## WHAT NEEDS TO BE DONE
Transcribe the full listing without changing a word, and omit its pictures.

## INFORMATION SHOWN
------------------------------
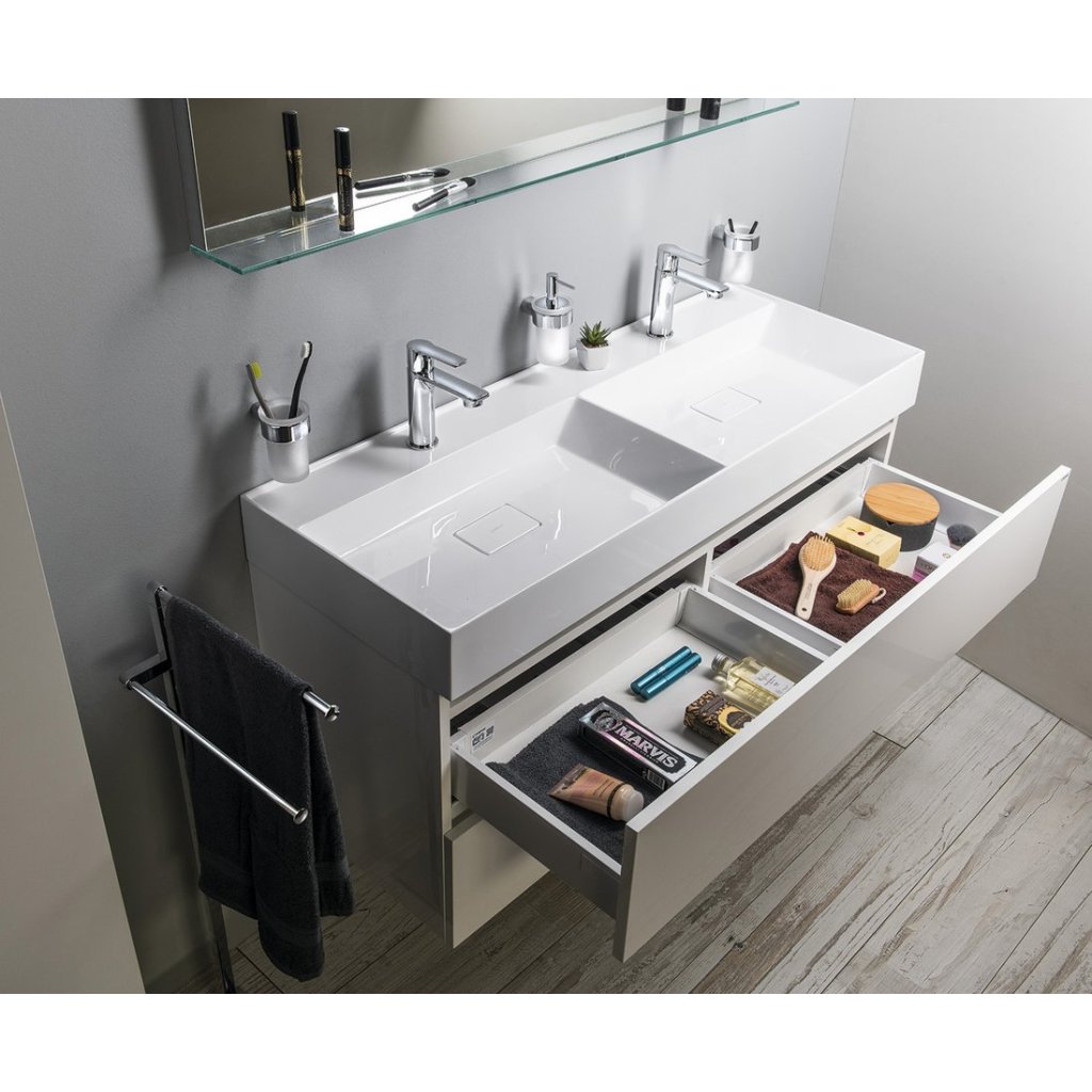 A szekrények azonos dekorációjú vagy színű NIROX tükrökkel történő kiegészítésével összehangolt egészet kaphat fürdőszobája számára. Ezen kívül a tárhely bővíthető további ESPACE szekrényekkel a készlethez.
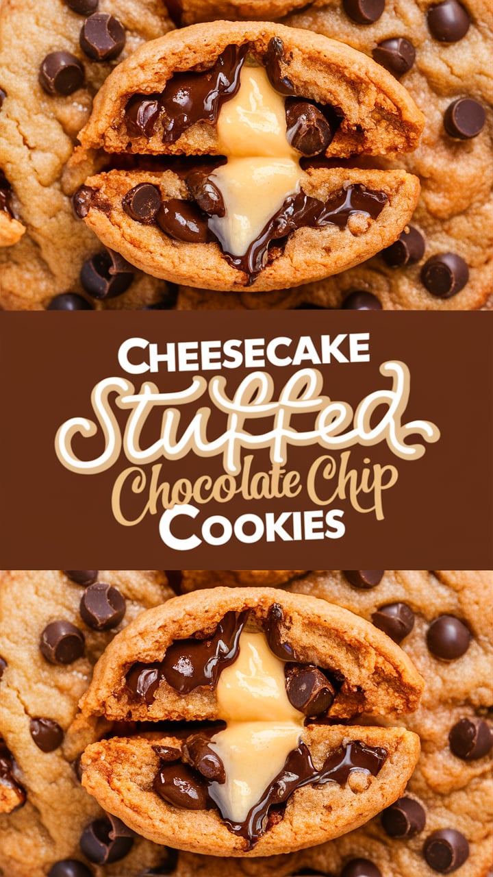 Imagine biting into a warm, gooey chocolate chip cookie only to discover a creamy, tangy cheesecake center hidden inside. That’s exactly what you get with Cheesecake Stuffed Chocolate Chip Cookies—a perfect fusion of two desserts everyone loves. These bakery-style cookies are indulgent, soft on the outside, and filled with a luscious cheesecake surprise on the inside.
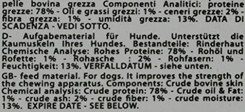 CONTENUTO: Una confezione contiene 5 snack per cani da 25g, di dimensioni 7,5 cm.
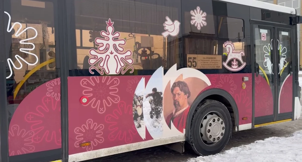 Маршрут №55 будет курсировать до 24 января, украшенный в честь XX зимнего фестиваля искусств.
------------------------------
## WRITTEN SOLUTION
 A szekrények azonos dekorációjú vagy színű NIROX tükrökkel történő kiegészítésével összehangolt egészet kaphat fürdőszobája számára. Ezen kívül a tárhely bővíthető további ESPACE szekrényekkel a készlethez.
 Imagine biting into a warm, gooey chocolate chip cookie only to discover a creamy, tangy cheesecake center hidden inside. That’s exactly what you get with Cheesecake Stuffed Chocolate Chip Cookies—a perfect fusion of two desserts everyone loves. These bakery-style cookies are indulgent, soft on the outside, and filled with a luscious cheesecake surprise on the inside.
 CONTENUTO: Una confezione contiene 5 snack per cani da 25g, di dimensioni 7,5 cm.
 Маршрут №55 будет курсировать до 24 января, украшенный в честь XX зимнего фестиваля искусств.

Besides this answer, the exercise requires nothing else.